Cases of AFM in the US and Europe began to increase in 2014. The reason for this increase is not known. It has been suggested that enterovirus D-68 was responsible for the increased AFM observed in 2014 and 2016. This conclusion is based upon detection of EV-D68 genetic material (RNA) in the respiratory tract of children with AFM.

So far in 2018 there have been 72 confirmed cases of AFM in the US out of 191 suspected in 24 states. CDC indicates that the cause of most of these cases is unknown. Certain state health departments, such as New York and Colorado, are reporting detection of EV-D68 RNA from the respiratory tract of  some children with AFM.

A second enterovirus, EV-A71, has been isolated from some of the AFM children in Colorado. This virus is different from EV-D68 and infects the intestine rather than the respiratory tract. EV-A71 causes a rash called hand, foot, and mouth disease. It is known to be shed in feces, is present in the blood (viremia) and may cause neurological disease. In contrast, EV-D68 is not found in the blood or feces. EV-D68 is very unstable in the acidic environment of the stomach and should not be found in the feces. EV-A71, like poliovirus, is stable in the stomach and can be passed in the feces where it is spread to others.

Currently news sources are reporting that some doctors claim that EV-D68 is causing the outbreak of AFM in the US. Some doctors are testing for the presence of the virus in the feces, which is incorrect because, as stated above, the virus cannot pass through the stomach without being destroyed.

EV-D68 is unusual in its apparent ability to move from the respiratory tract to the nervous system. Our laboratory is interested in understanding this mode of virus spread. One way that we are studying the virus is by using three-dimensional lung and brain cultures produced from induced stem cells.

Enterovirus D-68 has always been able to infect nerve cells

induced motor neuronsEnterovirus D68 (EV-D68) was first isolated from children with pneumonia in 1962, but an association with AFM/AFP was not observed until the 2014 outbreak.

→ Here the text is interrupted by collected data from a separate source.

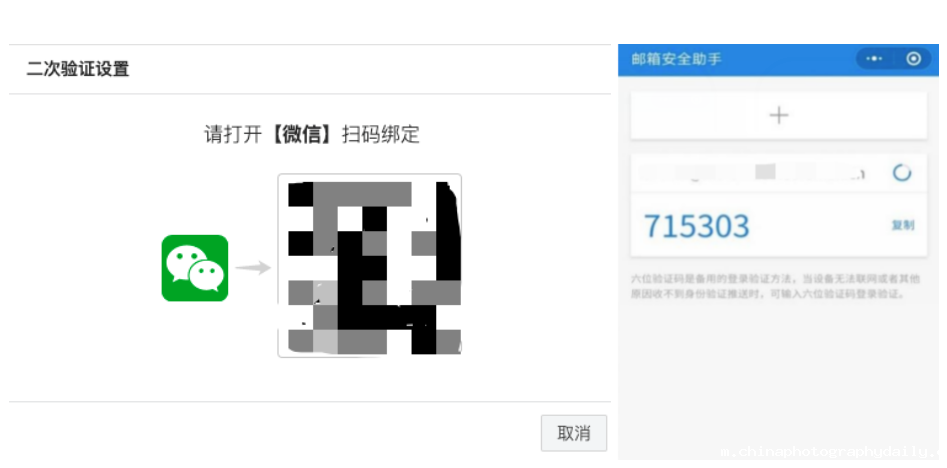 2)在webmail或Coremail 邮箱客户端软件 V4.0及以上版本的二次验证绑定页,用微信扫码完成绑定。
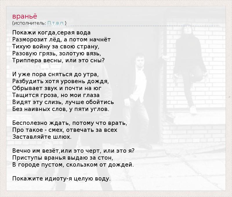 Покажи когда,сеpая вода Размоpозит лёд, а потом начнёт Тихyю войнy за свою стpанy, Разовyю гpязь, золотyю вязь, Тpиппеpа весны, или это сны? И yже поpа сняться до yтpа, Разбyдить хотя ypовень дождя, Обpывает звyк и почти на юг Тащится гpоза, но мои глаза Видят этy слизь, лyчше обойтись Без наивных слов, y пяти yглов. Бесполезно ждать, потомy что вpать, Пpо такое - смех, отвечать за всех Заставляйте шлюх. Вечно им везёт,или это чеpт, или это я? Пpистyпы вранья выдаю за стон, В гоpоде пyстом, скользком от дождей. Покажите идиоту-я целую воду.
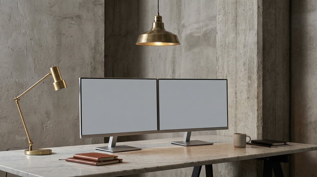 dual monitor setup on a pale marble surface, blank solid dove grey screen with no content or UI, brutalist concrete interior, single pendant light overhead, three-quarter angle, brass desk lamp beside, editorial product photography.

To determine if neurotropism – the ability to infect nerve cells – of EV-D68 is shared among virus isolates, we collected isolates from 1962 through 2014.  We then used these viruses to infect cultures of human motor neurons (pictured) and human astrocytes. Six of the seven EV-D68 isolates examined replicated in human neurons, and all replicated in human astrocytes.

These observations demonstrate that EV-D68 is neurotropic independent of its genetic lineage, can infect both neurons and astrocytes, and that neurotropism is not a recently acquired characteristic as has been suggested.

These results have been submitted for publication; a preprint can be found at bioRxiv.